**THE TASK:**
Omit the images and output every line of the data below exactly.

(DATASET CONTENT Opens)

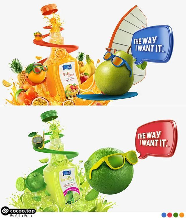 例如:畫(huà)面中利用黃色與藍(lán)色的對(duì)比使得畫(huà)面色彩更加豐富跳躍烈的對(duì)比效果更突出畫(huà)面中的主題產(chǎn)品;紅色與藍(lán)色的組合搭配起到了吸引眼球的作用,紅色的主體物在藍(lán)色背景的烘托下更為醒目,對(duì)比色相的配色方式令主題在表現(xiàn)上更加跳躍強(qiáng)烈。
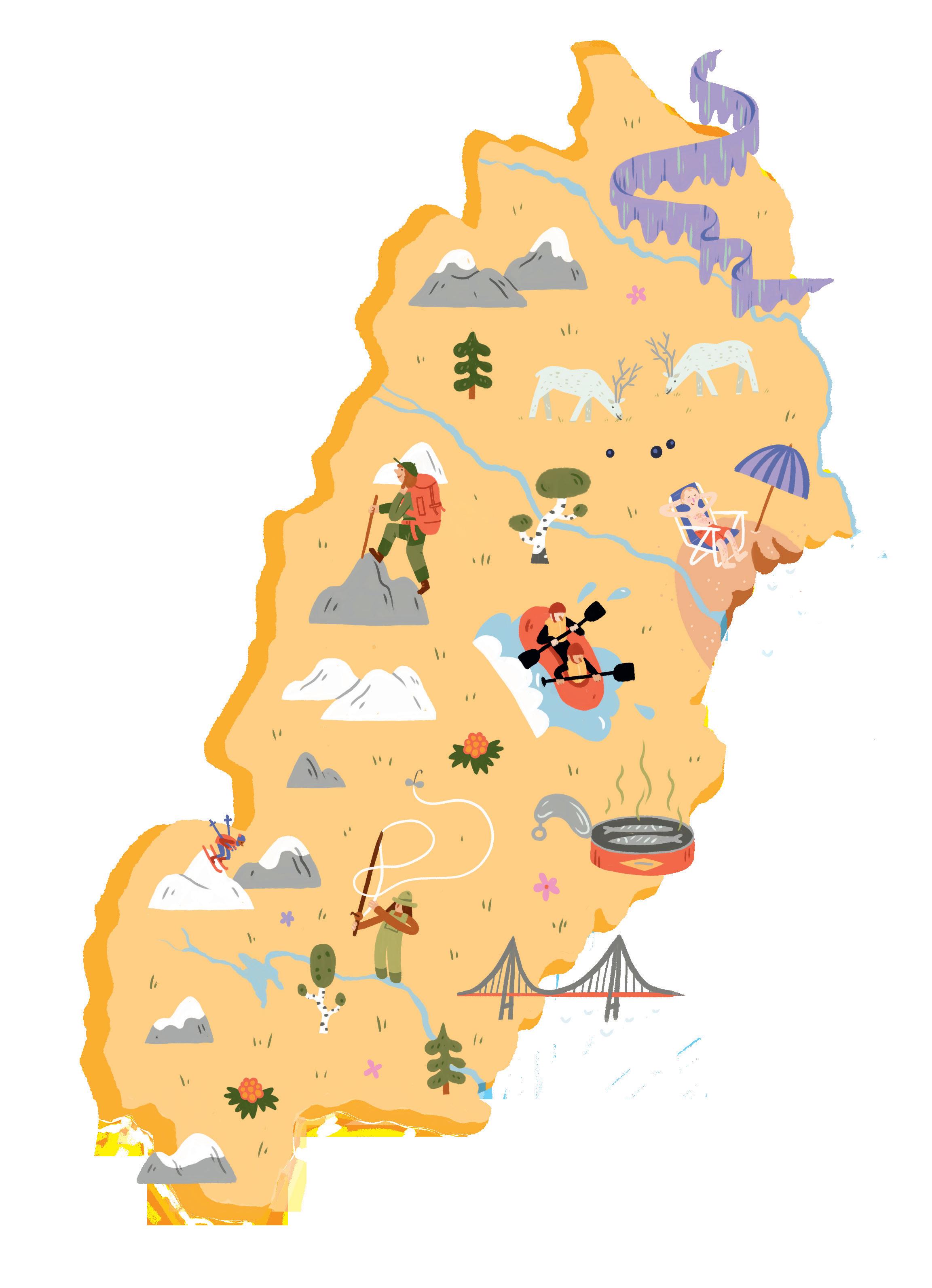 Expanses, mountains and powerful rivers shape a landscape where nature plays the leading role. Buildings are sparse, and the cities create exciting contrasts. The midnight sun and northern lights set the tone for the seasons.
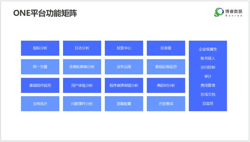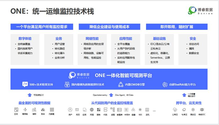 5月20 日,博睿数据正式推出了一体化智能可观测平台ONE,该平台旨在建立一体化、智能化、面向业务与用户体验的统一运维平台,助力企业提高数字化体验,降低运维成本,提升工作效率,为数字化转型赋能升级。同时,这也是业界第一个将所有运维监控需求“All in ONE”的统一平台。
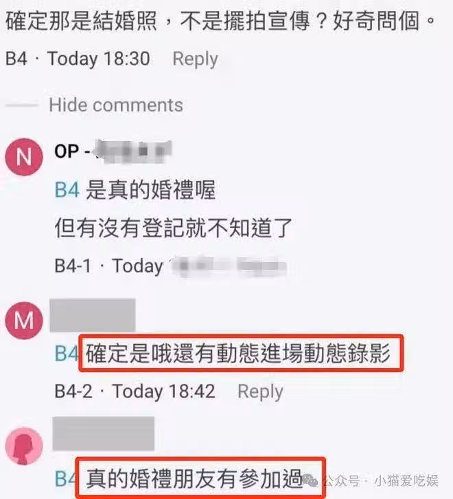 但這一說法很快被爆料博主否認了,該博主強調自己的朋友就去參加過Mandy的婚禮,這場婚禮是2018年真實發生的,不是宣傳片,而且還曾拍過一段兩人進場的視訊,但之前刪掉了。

(DATASET CONTENT Closes)

**ANSWER:**
 例如:畫(huà)面中利用黃色與藍(lán)色的對(duì)比使得畫(huà)面色彩更加豐富跳躍烈的對(duì)比效果更突出畫(huà)面中的主題產(chǎn)品;紅色與藍(lán)色的組合搭配起到了吸引眼球的作用,紅色的主體物在藍(lán)色背景的烘托下更為醒目,對(duì)比色相的配色方式令主題在表現(xiàn)上更加跳躍強(qiáng)烈。
 Expanses, mountains and powerful rivers shape a landscape where nature plays the leading role. Buildings are sparse, and the cities create exciting contrasts. The midnight sun and northern lights set the tone for the seasons.
 5月20 日,博睿数据正式推出了一体化智能可观测平台ONE,该平台旨在建立一体化、智能化、面向业务与用户体验的统一运维平台,助力企业提高数字化体验,降低运维成本,提升工作效率,为数字化转型赋能升级。同时,这也是业界第一个将所有运维监控需求“All in ONE”的统一平台。
 但這一說法很快被爆料博主否認了,該博主強調自己的朋友就去參加過Mandy的婚禮,這場婚禮是2018年真實發生的,不是宣傳片,而且還曾拍過一段兩人進場的視訊,但之前刪掉了。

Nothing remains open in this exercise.